Di dunia yang berbeda dari rumah yaitu sekolah. Aku mendapati kalau aku layaknya ratu kecantikan. Di puja-puji sana sini karena aku pintar lagi cantik. Tidak heran juga aku sering mendapati kalau banyak yang menyatakan cinta kepadaku. Salah satunya adalah pacarku sekarang. Pacarku adalah kakak kelasku yang berbeda 3 tahun dari aku. Sosoknya juga dikagumi oleh banyak teman-temanku karena Ia merupakan ketua salah satu eskul sinematografi di sekolahku. Namun, tidak banyak orang tahu sisi lainnya
"Sayang, nanti main ke rumah ya."
Aku yang sedang mengerjakan tugas hanya berkata "kapan?"
"Besok sore. Lagi pingin"
Dengan raut muka datarku aku cuma bisa berkata "oke"

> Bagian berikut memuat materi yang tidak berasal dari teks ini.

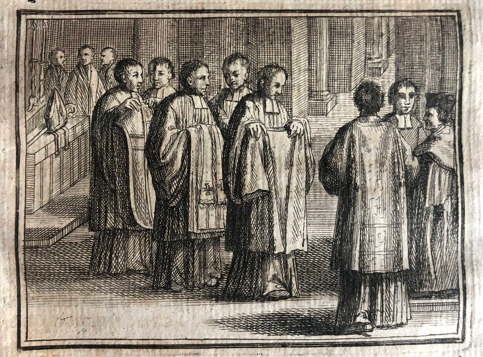 Seção intitulada “Ao amicto”Senhor, colocai sobre a minha cabeça o capacete da salvação, para que possa repelir todos os assaltos diabólicos.

Ya, aku sadar terkadang aku tidak terlalu baik dalam membina hubungan dengan orang lain termasuk pacarku sendiri. Terkadang aku juga bertanya apa sih yang ku harapkan dari hubungan ini selain status dan sayangnya aku lelah dengan semua ini. Aku tahu rasanya aku ingin mengakhiri ini semua namun mulutku tak mampu terucap
"Aku gamau." ujarku lirih kepada pacarku
"Yang... Sekali aja."
"Engga mau."
"Please, baby.."
Lalu aku meledak
"KALAU AKU BILANG ENGGA YA ENGGA"
Dan...
Aku tau pukulan itu mendarat lagi untuk ke sekian kalinya
"Aku mau putus, yang." sambil ku berurai air mata
"Yang... maafin aku." ujarnya sambil memeluk
Seperti itu drama yang terjadi dalam hidupku. Jauh, aku sebenarnya punya cinta yang tulus dengan orang yang bukan pacarku ini.
"Masih dia mukulin kamu?" suara itu sayup terdengar
"Masih." sambil aku menunjukkan luka biru itu
"Kurang ajar! Sini, aku obati. Sudah ku bilang kamu harus berani ngomong?"
Kamu kira ngomong itu mudah apa?
"Jangan dekat-dekat dia lagi ya. Aku mohon." dia memelukku erat dengan lirih
-------------------------------------------------------------------------------------------
Adalah dia. Namanya Nicholas. Temanku sejak SD dan masih berlanjut sampai sekarang. Sejujurnya, sejak aku masuk masa pubertas hanya dia yang ku cintai. Namun, Ia mungkin tidak sepaham dengan aku. Orangnya baik dan suka menolong orang lain. Tidak banyak orang tahu kalau kita berdua dekat termasuk pacarku sendiri.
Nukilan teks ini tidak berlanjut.